Exposition - Art moderne

Créer à l'âge de l'atome

La bombe nucléaire a bouleversé le destin de l’humanité. Une exposition au Musée d’art moderne donne à voir comment l’art des 20e et 21e siècles a investi l’imaginaire de l’atome.

Créer à l'âge de l'atome - Les Grands Dossiers des sciences humaines n°76

© Universal History Archive / UIG via Getty images

Que ta première pensée au réveil soit : “Atome”. Car tu ne saurais commencer ta journée dans l’illusion d’être entouré d’un monde stable. Demain peut ainsi être “quelque chose qui a déjà été” : car nous, toi, moi, et nos compagnons humains, sommes “davantage mortels” et “davantage éphémères” que tous ceux qui, jusqu’à hier, étaient considérés comme mortels 1. » Tel est un des « Commandements de l’âge atomique » du philosophe Günther Anders qui exprime avec force la rupture introduite dans l’histoire par le largage des deux bombes A sur Hiroshima et Nagasaki les 6 et 9 août 1945. Une nouvelle ère s’ouvre qui ne peut s’affranchir de l’ombre portée d’une apocalypse sans rédemption. Elle n’est pas qu’une question philosophique ou scientifique dont débattraient des intellectuels. Elle touche chacun, suscitant peurs et angoisses. Et elle fascine encore et toujours comme le donne à voir le succès du film Oppenheimer de Christopher Nolan en 2023.

De l’infiniment petit au cataclysme nucléaire, l’art depuis le début du 20e siècle s’est fait l’écho de cette histoire atomique qui a bouleversé le monde et nos imaginaires.
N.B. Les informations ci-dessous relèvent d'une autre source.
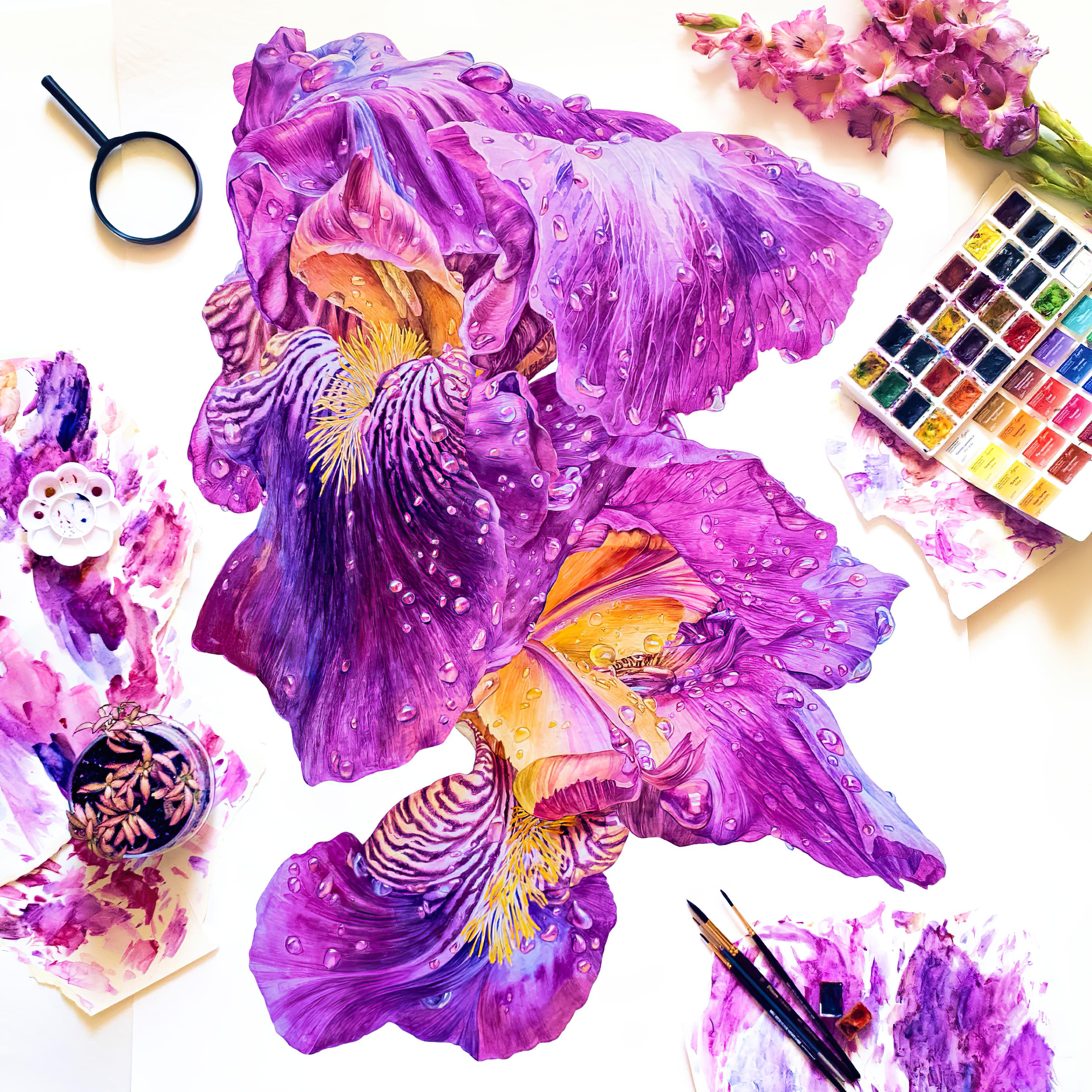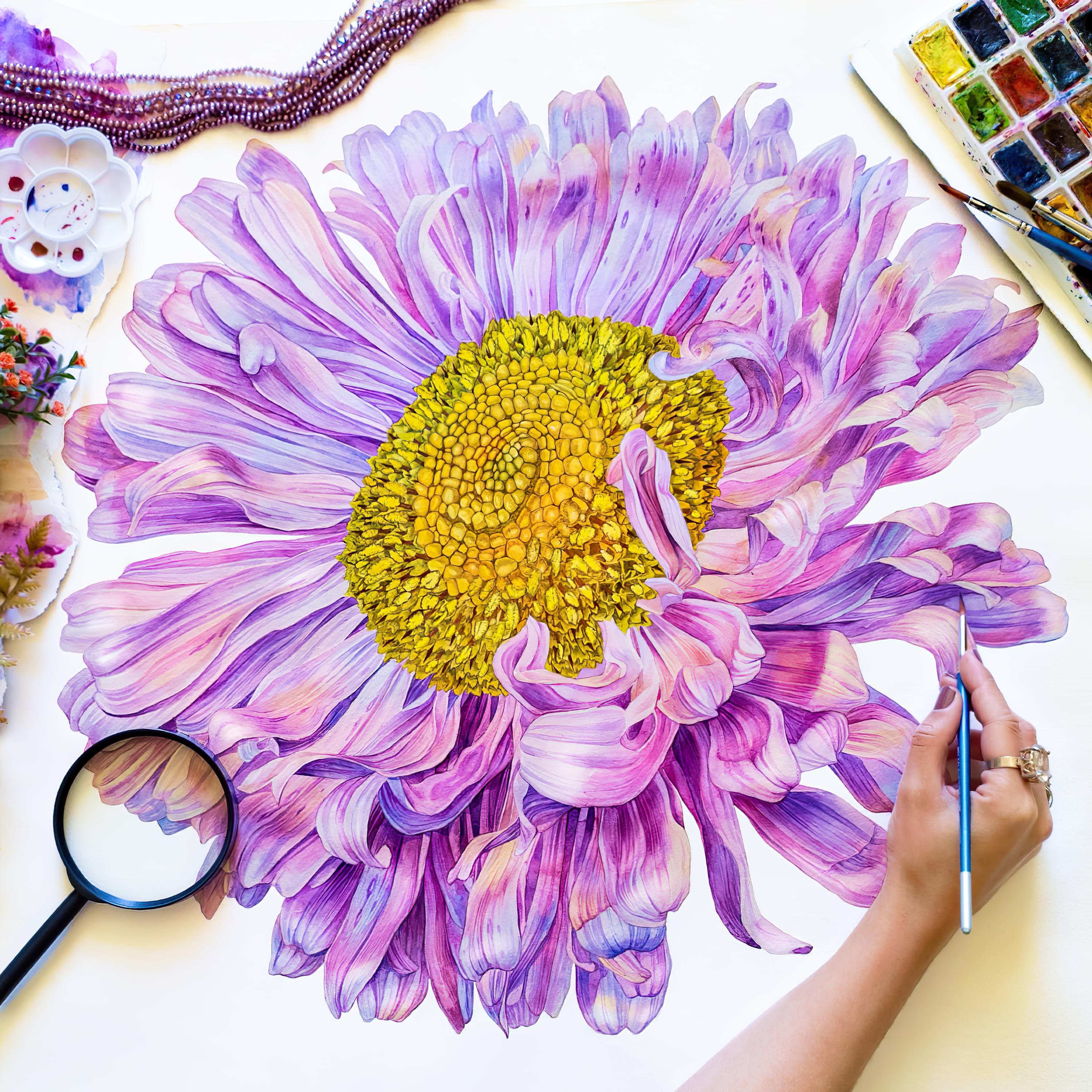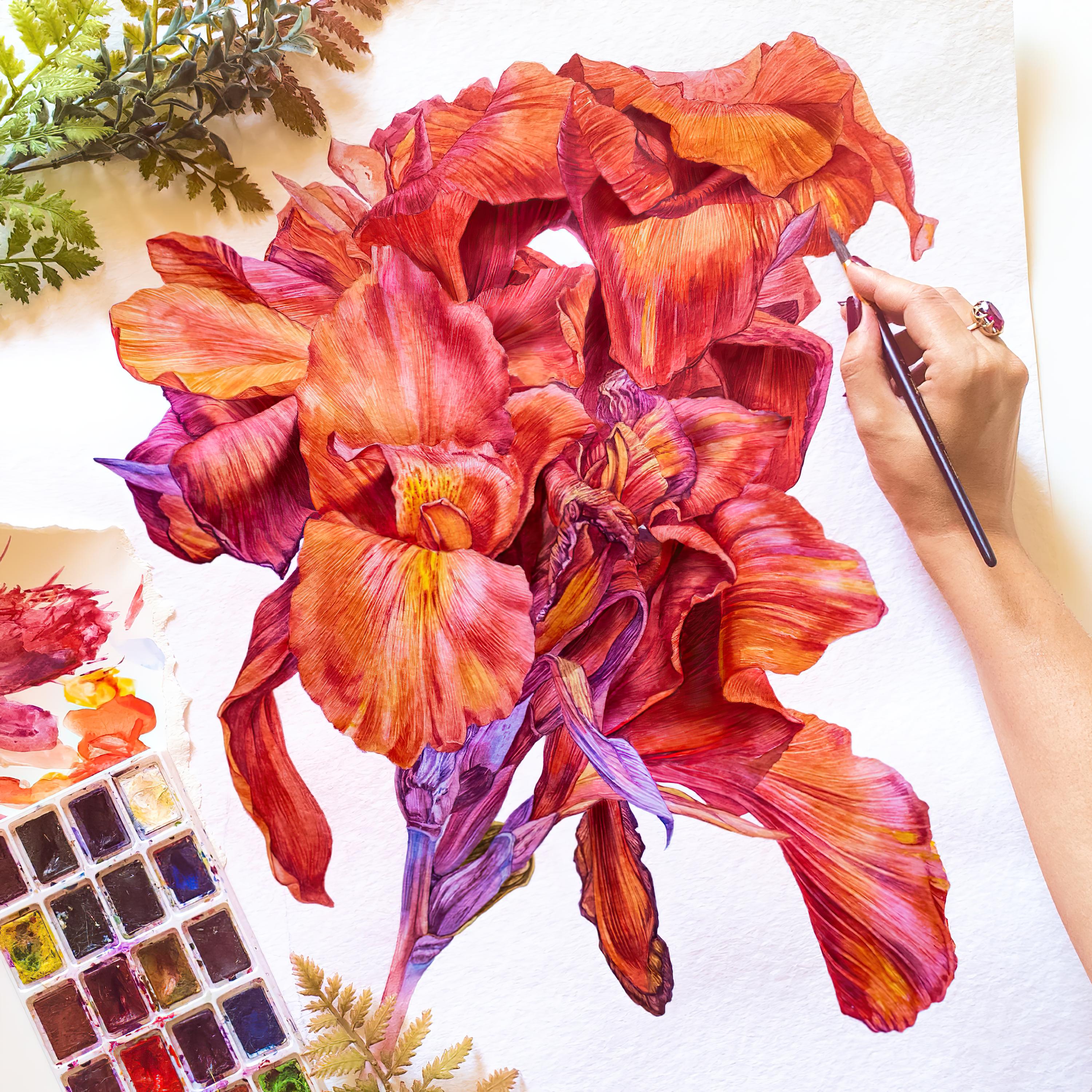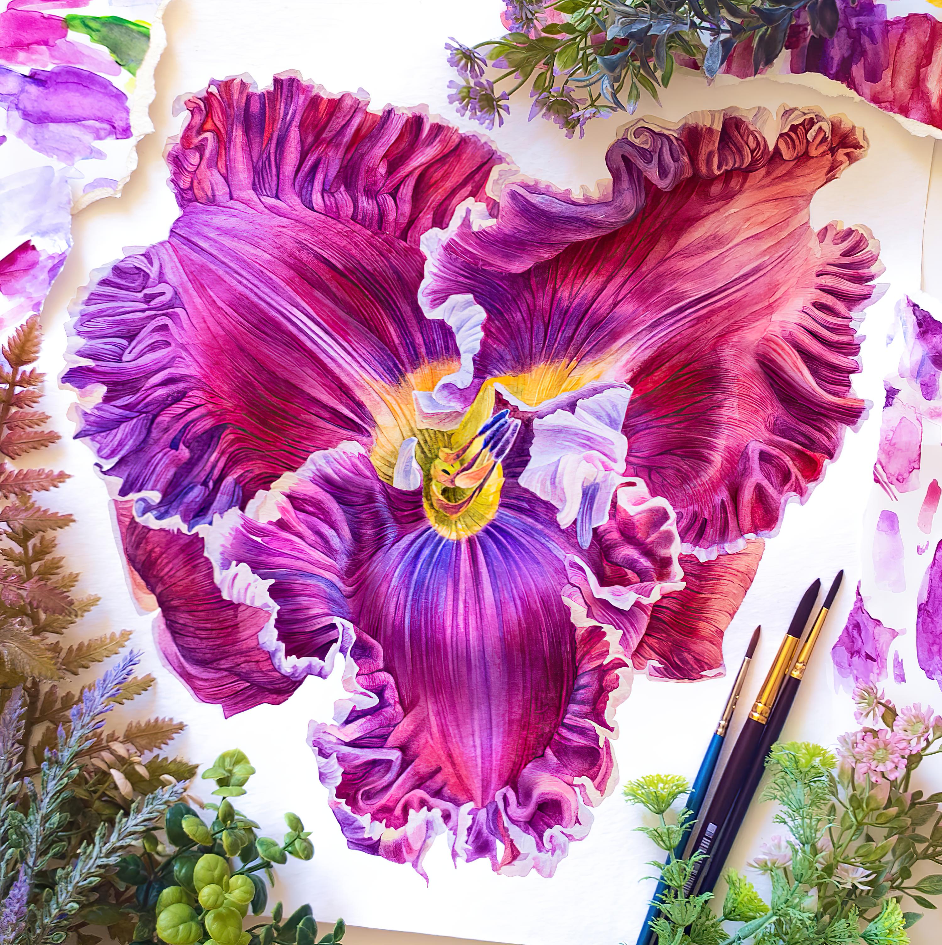- Perform translucent washes with color interspersed with speckles in wet-on-wet technique to imitate the natural texture of petals;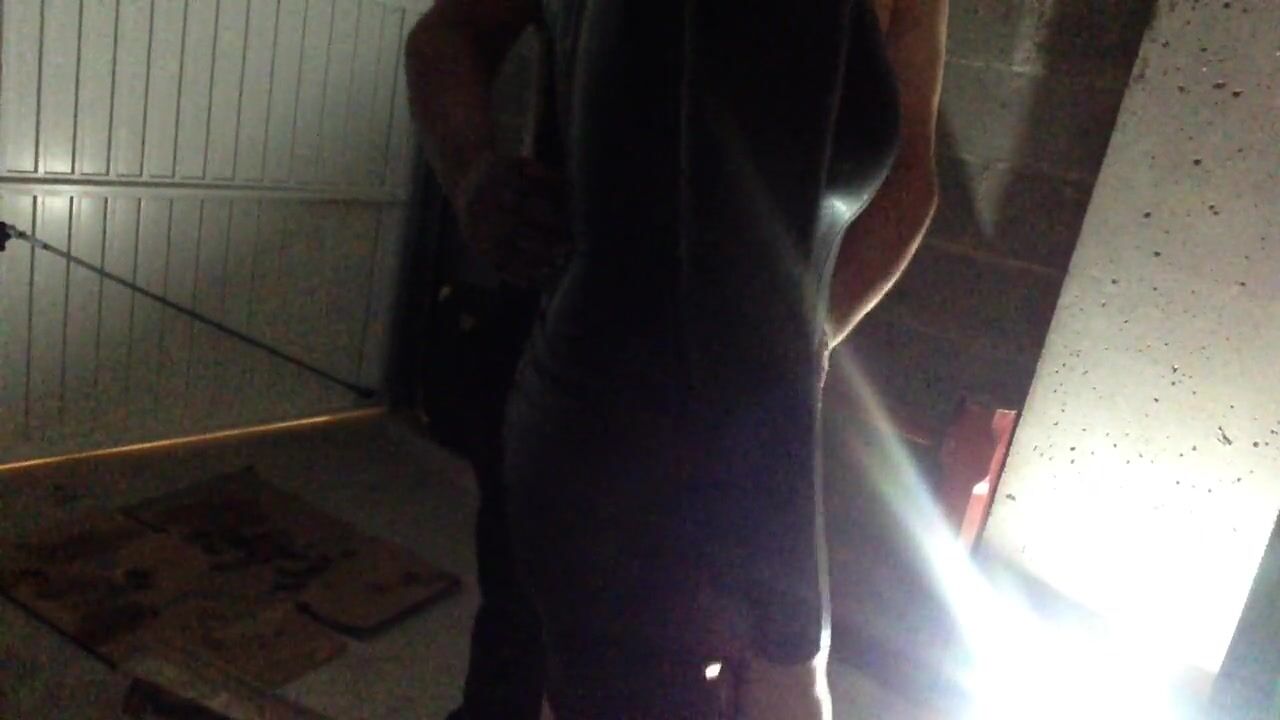 Handjob in latex bodysuit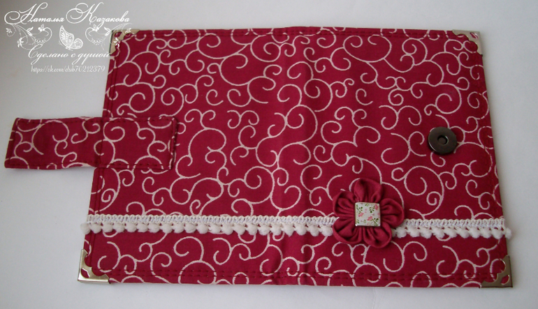 Очень аккуратная обложечка))красиво и ничего лишнего. внутри тоже очень понравилась. чистенько,аккуратненько. покорил цветочек. вы его сами делали?
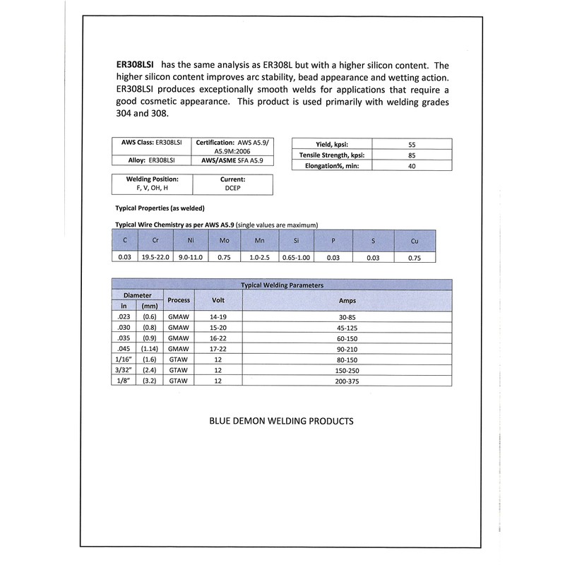 - ER308LSI produces exceptionally smooth welds for applications that require a good cosmetic appearance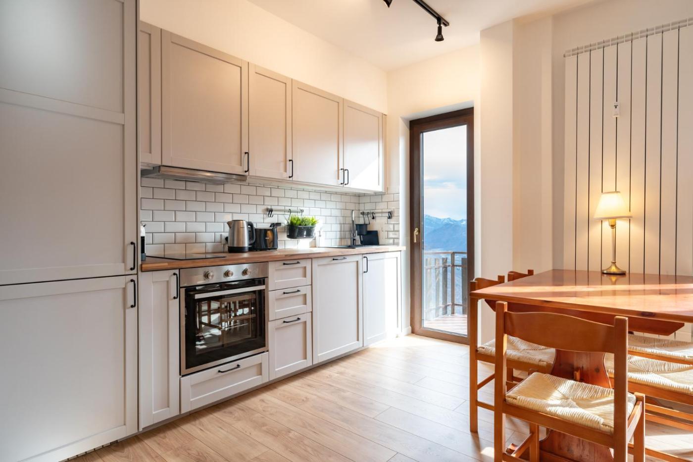 Questo appartamento prevede 2 camere da letto, 1 bagno, lenzuola, asciugamani, una TV con canali via cavo, una cucina con utensili e un balcone con la vista sulla montagna.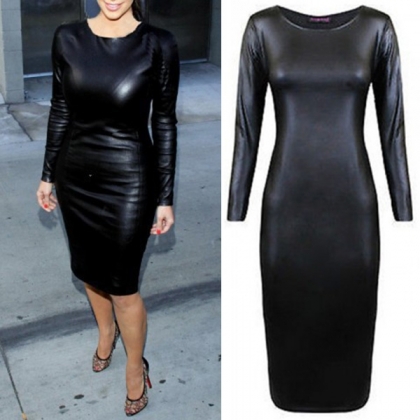 This PU Leather dress comes with a mysterious and flattering black tone,finished with long sleeve,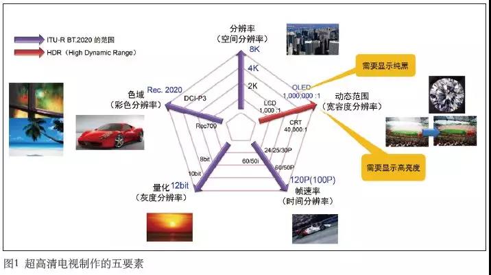 2018年9月,國(guó)家廣播電視總局印發(fā)《4K超高清電視技術(shù)應(yīng)用實(shí)施指南(2018版)》,適用于3 840×2 160分辨率、50幀/秒幀率、10 bit量化精度、BT.2020色域、高動(dòng)態(tài)范圍(HDR)的4K超高清電視節(jié)目制作、播出、編碼、傳輸系統(tǒng)與終端的適配。BT.2020標(biāo)準(zhǔn)主要從以下五個(gè)要素對(duì)超高清電視系統(tǒng)進(jìn)行規(guī)范:分辨率、幀率、量化值、色域、高動(dòng)態(tài)范圍(見圖1)。這五個(gè)方面的變化,直接導(dǎo)致UHD節(jié)目的生產(chǎn)難度大大增加。以下對(duì)這些難點(diǎn)逐一分析。

C’est ce que donne à voir l’exposition « L’âge atomique. Les artistes à l’épreuve de l’histoire » au Musée d’art moderne de Paris en liant art, science et politique à travers des œuvres d’art et des documents.

L’atome renvoie étymologiquement à l’insécable. On doit à la philosophie grecque antique, en particulier à Démocrite, l’idée, reprise par Épicure ou Lucrèce, que la matière est constituée par des particules élémentaires, des atomes. Mais à la fin du 19e et au début du 20e siècle, la physique bouleverse cette conception. L’atome n’est plus le constituant ultime de la matière, car on découvre qu’il est lui-même constitué d’un noyau de neutrons et protons autour duquel gravitent des électrons. Cette désintégration de la matière se traduit sur le plan artistique par un travail vers des créations résolument abstraites, telles celles de Vassily Kandinsky ou de la peintre suédoise Hilma af Klint avec notamment sa série des Atomes, 22 dessins avec des combinations de figures. Kandinsky explique ainsi l’impact de ces nouvelles découvertes scientifiques sur sa conception du réel : « La désintégration de l’atome était la même chose, dans mon âme, que la désintégration du monde entier. Les murs les plus épais s’écroulaient soudain. Tout devenait précaire, instable, mou 2. » La découverte des rayons X et celle de la radioactivité par Pierre et Marie Curie frappent aussi les esprits et les arts dans leur diversité. Fascinée, la chorégraphe américaine Loïe Fuller crée ainsi une Danse ultraviolette et une Danse du radium. L’atome ici enchante le monde plus qu’il le menace.